On 21 November 2008, the Australian Government announced a review of the International Arbitration Act 1974 (Cth), an essential and welcome step in improving its operation and promoting Australia as a place for international arbitration.

The Act is Australia's main legislation for international arbitration and incorporates the New York Convention on the Recognition and Enforcement of Foreign Arbitral Awards 1958 (New York Convention), the UNCITRAL Model Law on International Commercial Arbitration (Model Law) and the Convention for the Settlement of Investment Disputes between States and Nationals of other States (ICSID Convention ).

Since the Act was introduced in 1974 it has undergone only two significant changes: in 1989 for the incorporation of the Model Law, and in 1990 when the ICSID Convention was implemented into the Act.
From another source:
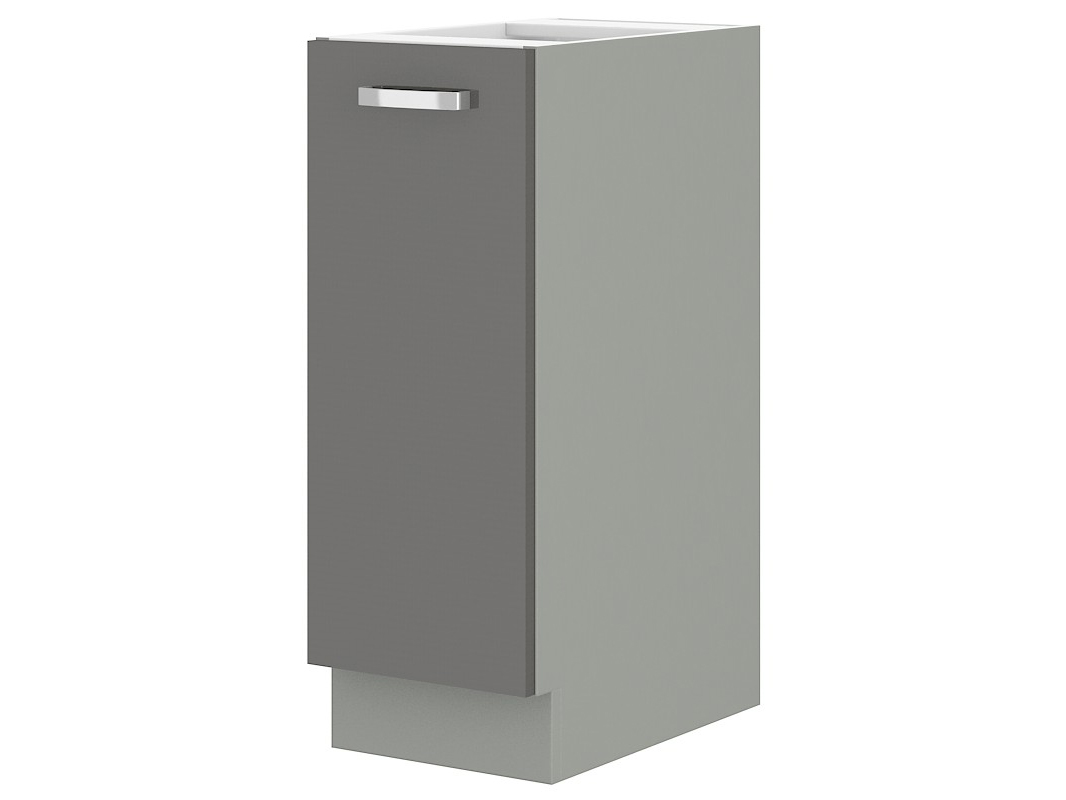 Dolní skříňka na koš Gonir 30 D CARGO BB je moderní a praktická skříňka pro koš z kuchyňského sektorového systému. Je vyrobena z kvalitních materiálů - MDF a dřevotřísky laminované šedé barvy s ABS hranami. Skříňka obsahuje kovové úchyty a chromový cargo koš s boční montáží na pravou stranu. Vnitřek skříně je bílé barvy a má slepé vyvrtané otvory pro rukojeť. Je možné vybrat si z dalších variant skříněk a regálů. Tato skříňka je součástí kuchyňské sestavy Gonir, která je ideální pro zákazníky, kteří hledají jednoduchost a praktičnost v moderním provedení. Pracovní deska není součástí ceny, ale lze ji zakoupit zvlášť. Vyobrazená pracovní deska má tloušťku 28 mm a je v metalické hnědé barvě.

The objectives of the review are to consider whether the Act should be amended to:

  • ensure it provides a comprehensive and clear framework governing international arbitration in Australia;
  • improve the effectiveness and efficiency of the arbitral process while respecting the fundamental consensual basis of arbitration; and
  • consider whether to adopt best practice developments in national arbitral law from overseas.

The discussion paper 1 identifies a number of areas which are currently being considered for amendment, including whether the Act should be amended:

  • to expand the definition of "agreement in writing" in Part II of the Act so as to reflect the broader definition contained in the UNCITRAL Model Law (as revised in 2006);
  • to provide expressly that a court may only refuse the recognition and enforcement of an arbitral award if one of the grounds listed in sections 8(5), 8(7) or 8(8) of the Act is fulfilled;
  • to expressly provide that the Act governs exclusively international commercial arbitration in Australia to which the Model Law applies;
  • to reverse the Eisenwerk v Australian Granites Ltd [2001] 1 Qd R 461 decision by adopting a provision stating that choice of arbitration rules does not constitute an opting-out of the Model Law;
  • to clarify whether sections 25 to 27 of the Act as (as part of the optional provisions in part III, division 3 of the Act) will apply on an opt-in or opt-out basis;
  • to adopt the 2006 amendments to the UNCITRAL Model Law;
  • to allow regulations to be made for designating an arbitral institution to perform the functions under articles 11(3) and 11(4) of the Model Law (ie for the appointment of arbitrators); and
  • to grant the Federal Court of Australia exclusive jurisdiction for all matters arising under the Act.

The Attorney-General's Department has invited comments and or recommendations in relation to the above areas or in relation to any other matters which might contribute to and improvement of the Act. Submissions on the discussion paper are sought by 16 January 2009.